Saturday, May 28, 2005
OH SHIT. fererro's out.DAMN. DAMN. why did he have to meet safin in the THIRD round???!!!! damn.
blaque stepped into the dark at 11:43 PM!
Thursday, May 26, 2005
wow so exciting!!!! so many things have happened over this week...;) goin to watch darth vader on sunday!!! with sonya!!! finally!!! how cool is that man...hahahaha im very happy...:) then after that goin to have swensens treat by junior exco at ps....yay!!! very very happy...:) then watched niptuck ytd...rocks!!! hmmm wad else...ya!!! then carrie won AI....err wanted bo to win acty but honestly i cldnt care less...they're all goin to produce an album at the end of all this hoo-ha anyway....n LIVERPOOL won!!!!!! yay!!! haha....v happy...:) didnt get to watch the match tho sighhh mus catch the repeat...hmmm n french open has started!!!! n fererro got thru the 1st round!!! haha ok i shld have more confidence in him but he's been so off-form lately it's scary...hopefully he'll winn this again like he did in 2003!!! =)
jiayin told us today of a bk that really set me thinking...it's abt a girl called anna who's 13 n was basically conceived to allow her older sister kate to have a shot at life...kate had been diagnosed with a rare form of leukaemia since birth...so the parents decided to have anna who would be a perfect genetic match for her sister....so she spent her childhood donating lymphocytes to her sister...donating blood...so although she was a perfectly healthy girl, she was in n out of the hospital the bulk of her childhood. one day kate had kidney failure and anna had to donate her kidney to her, she refused so she sued her parents. basically it was cos she felt that she had been denied her rights from young to choose whether she wanted to donate or not...she won the suit in the end, but she died in a car accident on the way out of court n her attorney decided for her since she was a minor tt she'd have wanted to donate her kidney, n her sister kate lived. set me thinking abt whether i would do sth like that...anna didnt want to as she felt the choice had been taken away from her n if she donated her kidney, there were many things she wldnt be able to do...she was only 13...but one has to think of the flipside, tt if she didnt, her sister would die n did she really want that? i mean yes she would have to be there for her sister as long as she lived, donating whatever tt she needed to her, but it is a gift...if she said no, her decision would result in her sister's death...hmmm i know i would, in a heartbeat do it for my family if the situation ever arose...i'd want to be there for them..
blaque stepped into the dark at 7:01 PM!
Tuesday, May 17, 2005

crossin' over to the DARK side.. 
blaque stepped into the dark at 7:51 PM!

julian mchahon!!! :) 
blaque stepped into the dark at 7:45 PM!

nip/tuck! 
blaque stepped into the dark at 7:44 PM!
haha had a gd laugh in sch today again...:) all bcos of me n eileen feelin uncomfortable at eating sausages haha...then damn disgusting they started linking it to really dirty topics haha...:) bought 8 days today!! normally dun buy, but got dath vader...how not to buy??! haha...damn cool...wahh damn embarrassing now guan sin thinks i think darth's sexy...haha no!!! he's jus REALLY cool...n i DO NOT get turned off by his breathing lisa!!! hahahahha....:) i wanna watch the show....:) investiture on fri...goin to buy presents tmr!! :) hmmm dunno what to get still... qt happy that we're finally steppin down, feel relieved!! no more stress...:) nip tuck showing on wed!!! must watch everybody!!!!!! =)

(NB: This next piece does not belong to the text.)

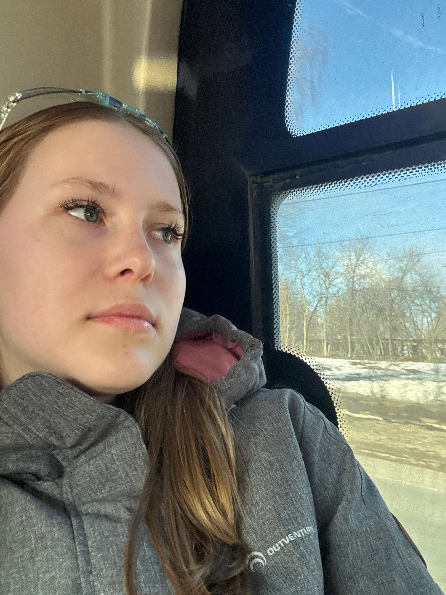 A close-up shot depicts a young woman with light skin and green eyes, framed by light brown hair. She wears a headband and a gray hooded jacket with the word "OUTVENTURE" printed on the sleeve. The ba…read more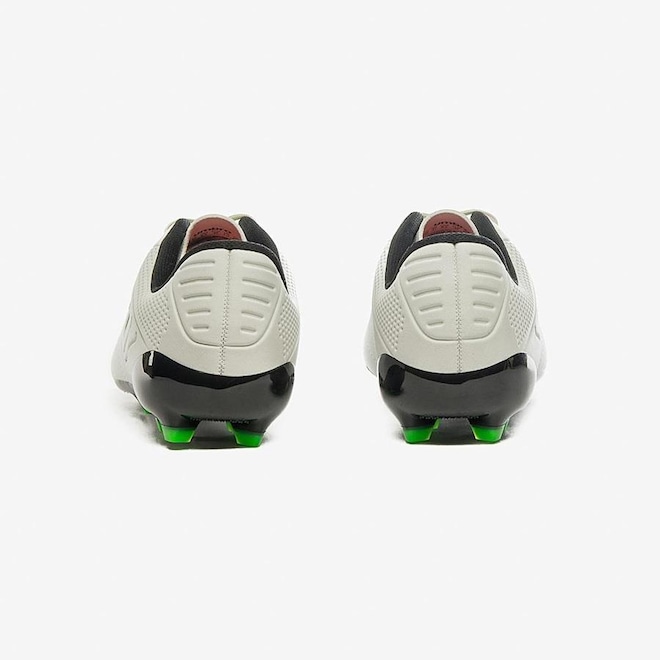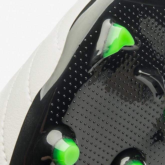O solado em TPU apresenta travas que permitem agilidade e aderência nos gramados.

blaque stepped into the dark at 7:12 PM!
Sunday, May 15, 2005
dreamin' of u..
hello! :) had elections the other day n it was really qt funny...:) bittersweet that it's our very last thing to organise i guess...sighhh but its finally all over...:) *beams* haha...been a tiring n unaccomplished wk...nedd to start wking harder...qt happy that at least did more wk over the wkend...well mum not letting me go for famine camp...altho my aim of goin is less than noble...(i need the 30 hrs) n yuck (pearls suck)...:( ohhwell...if i dun hit, forget it lars...sigh..
realised one afternoon while i was sitting at the class bench that ive spent the past 1 n a half year with them...come to think abt it, these pple are those that really noe me...i mean ivce like spent so much time with them...laughing like mad during lectures...eating tgt during breaks...or jus stoning at the class bench tgt...jus wanna say a big than u...JC(hc) wld have been unbearable without all of u...:)

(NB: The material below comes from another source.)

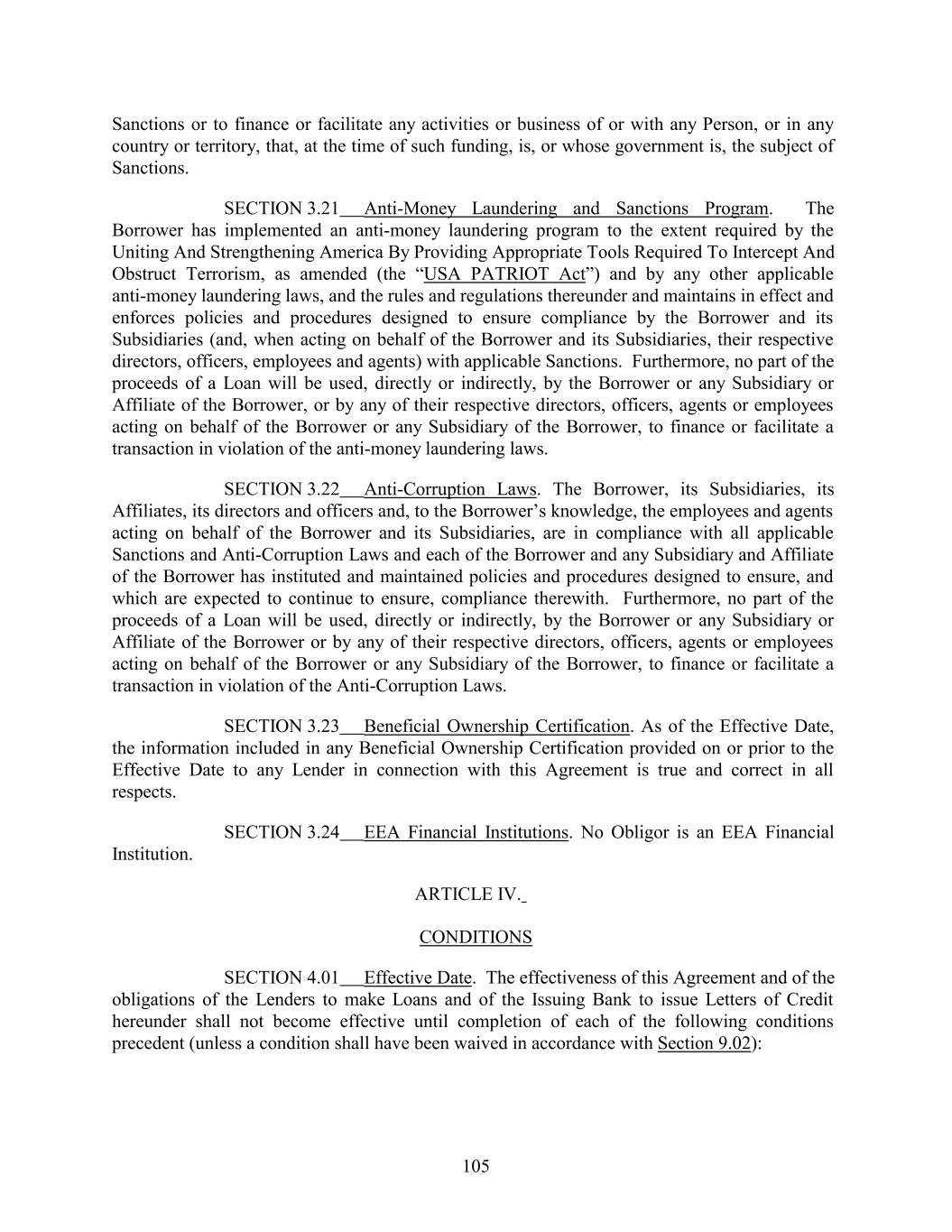 Sanctions or to finance or facilitate any activities or business of or with any Person, or in any country or territory, that, at the time of such funding, is, or whose government is, the subject of Sanctions. SECTION 3.21 Anti-Money Laundering and Sanctions Program. The Borrower has implemented an anti-money laundering program to the extent required by the Uniting And Strengthening America By Providing Appropriate Tools Required To Intercept And Obstruct Terrorism, as amended (the “USA PATRIOT Act”) and by any other applicable anti-money laundering laws, and the rules and regulations thereunder and maintains in effect and enforces policies and procedures designed to ensure compliance by the Borrower and its Subsidiaries (and, when acting on behalf of the Borrower and its Subsidiaries, their respective directors, officers, employees and agents) with applicable Sanctions. Furthermore, no part of the proceeds of a Loan will be used, directly or indirectly, by the Borrower or any Subsidiary or Affiliate of the Borrower, or by any of their respective directors, officers, agents or employees acting on behalf of the Borrower or any Subsidiary of the Borrower, to finance or facilitate a transaction in violation of the anti-money laundering laws. SECTION 3.22 Anti-Corruption Laws. The Borrower, its Subsidiaries, its Affiliates, its directors and officers and, to the Borrower’s knowledge, the employees and agents acting on behalf of the Borrower and its Subsidiaries, are in compliance with all applicable Sanctions and Anti-Corruption Laws and each of the Borrower and any Subsidiary and Affiliate of the Borrower has instituted and maintained policies and procedures designed to ensure, and which are expected to continue to ensure, compliance therewith. Furthermore, no part of the proceeds of a Loan will be used, directly or indirectly, by the Borrower or any Subsidiary or Affiliate of the Borrower or by any of their respective directors, officers, agents or employees acting on behalf of the Borrower or any Subsidiary of the Borrower, to finance or facilitate a transaction in violation of the Anti-Corruption Laws. SECTION 3.23 Beneficial Ownership Certification. As of the Effective Date, the information included in any Beneficial Ownership Certification provided on or prior to the Effective Date to any Lender in connection with this Agreement is true and correct in all respects. SECTION 3.24 EEA Financial Institutions. No Obligor is an EEA Financial Institution. ARTICLE IV. CONDITIONS SECTION 4.01 Effective Date. The effectiveness of this Agreement and of the obligations of the Lenders to make Loans and of the Issuing Bank to issue Letters of Credit hereunder shall not become effective until completion of each of the following conditions precedent (unless a condition shall have been waived in accordance with Section 9.02): 105

meeting yixin n simin on the first day..
realising that we only had 7 guys...:)
having a twin(wanyi) in class...
disowning ks as our triplet...
all the class scandals(tt nva seem to end)
meeting the seniors
having our very own classbench (ok fine others hav it too) ;)
discovering we hav prata in HC!
goin over to tchs for food...(western!)
swimming lessons..
moaning n groaning all the way to the swimming pool..
laughing hysterically with the gals...
met lisa! :)
became much closer...
studyin at mac's..
eating meepok @ balestier...
laughing with yixin...
stoning with simin..
late-night phonecalls...
being the first few at class bench every morn...
talkin to the seniors...
lib meetings with the exco...
qiuting n her ultra-lame jokes...:)
peilin my best lib exco mate...:)
the guys who nva fail to make us laugh...:)
whether they mean to or not...:)
maf..
soiree...
halloween night..
cny...
orientation...
hope these wonderful memories will nva end...:)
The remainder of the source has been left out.